The answer Japan is seeking to its manpower shortage lies in the development of robots to fill various jobs. Specialized robots are being designed to serve a wide range of applications – from assisting the elderly to educating the people. On a side note, given the shrinking, gaining population crisis, making “Caregiving” an official school subject might not be such a bad idea after all.
What the Future Holds
Wouldn’t it be great to predict the future? Can you imagine how would classrooms and classes look like 50 years from now?
With the rapid progression of technology, the teaching and learning of English (if necessary at all in the presence of high-tech language translation devices which may end everyone’s language barrier issues forever) would take on a whole new meaning.
Gone are the days when teaching English was restricted to building students’ communication and literacy skills.
Schools are no longer interested in English teachers per se. Schools are looking for teachers who can use the English language to prepare the children of today for the world of tomorrow.

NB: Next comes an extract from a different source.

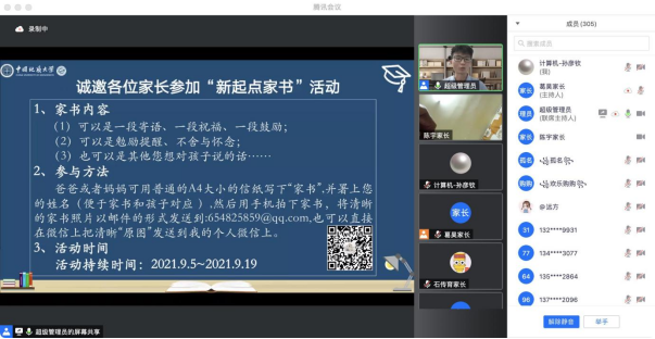 (通讯员:孙彦钦)为增进家长对学院工作的了解,进一步促进家校联动机制在育人体系中发挥有效作用,9月4日晚,糖心视频 通过腾讯会议的形式召开了2021级新生家长会。院党委书记李国昌,党委副书记傅苑,副院长陈云亮,院团委书记李欢欢,学工组全体成员以及300余名新生家长参加此次会议,李欢欢担任主持。
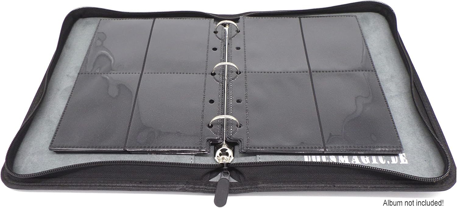 Dimensioni: ca. 196 x 157 mm Le tasche da 67 x 93 mm possono contenere carte fino a dimensioni standard (63,5 x 88 mm) in maniche (larghezza massima 65 mm), come Pokemon, Magic: The Gathering, Yu-Gi-Oh! e molti altri sport e carte collezionabili, quattro tasche sul davanti e sul retro ciascuna; Qualità premium: spessore 100 micron con 5 fori adatti ai mini album Docsmagic.de e ad alcuni di altri marchi 100 pagine nere in polipropilene (PP) privo di acidi

Learning English nowadays is not seen as an end itself, but as a means to an end that of nurturing children’s curiosity, creativity, and problem-solving skills.
Though not as utopian as it sounds, the humanoid robot “Pepper” and all its clones would soon pepper the classrooms of schools and will be fully in charge of teaching English to learners of all ages.
Although English-teaching is a highly valued skill-set, new technologies foster the impression that English teaching as a profession will become extinct in a short time.
Still, do not take my words with a pinch of salt and rather do some research on how technology is transforming the way education works. The world is gradually moving away from the traditional classroom student-teacher interaction and adopting a tech-mediated system where technology improves the engagement and facilitates the transfer of knowledge.
Students have easy access to virtual classrooms, course content, videos, assignment and can achieve distance e-learning independently. With artificial intelligence and virtual reality students from all walks of professional backgrounds and from all corners of the world get a chance to interact with the real world through virtual platforms. Due to these technological advancements and the availability of alternative sources, the importance of teachers is gradually diminishing.
I can’t help but wonder what would teaching look like in the future? Coding and programming? Maintaining and controlling robots? Creating portals and platforms with educational content? Progressive and proactive schools have already started responding to the feedback in the internal (such as the aging population) and external environments (such as the rapid technological and scientific advancement).
The inevitability of the new order is about to loom into sight especially in the context of Japan. Consciously or not, Japanese incorporate in their conversations an increasingly large number of the so-called English borrowings – English words that have been “Nipponized” such as カフェ (Kafe) compared to the original word きっさてん (Kissaten) for “Coffee shop”. Along with western holidays, concepts, and ideas, English is gradually being imported into Japanese culture and it won’t be too long before it becomes the dominant language. Even my 3-year-old students have picked up on the trend and instead of using the Japanese word that stands for soft aka やわらかい (yawarakai), they skillfully make use of the word ソフトー(sofuto) introduced through ソフトクリーム (sofuto kuriim) when describing soft things in their native language.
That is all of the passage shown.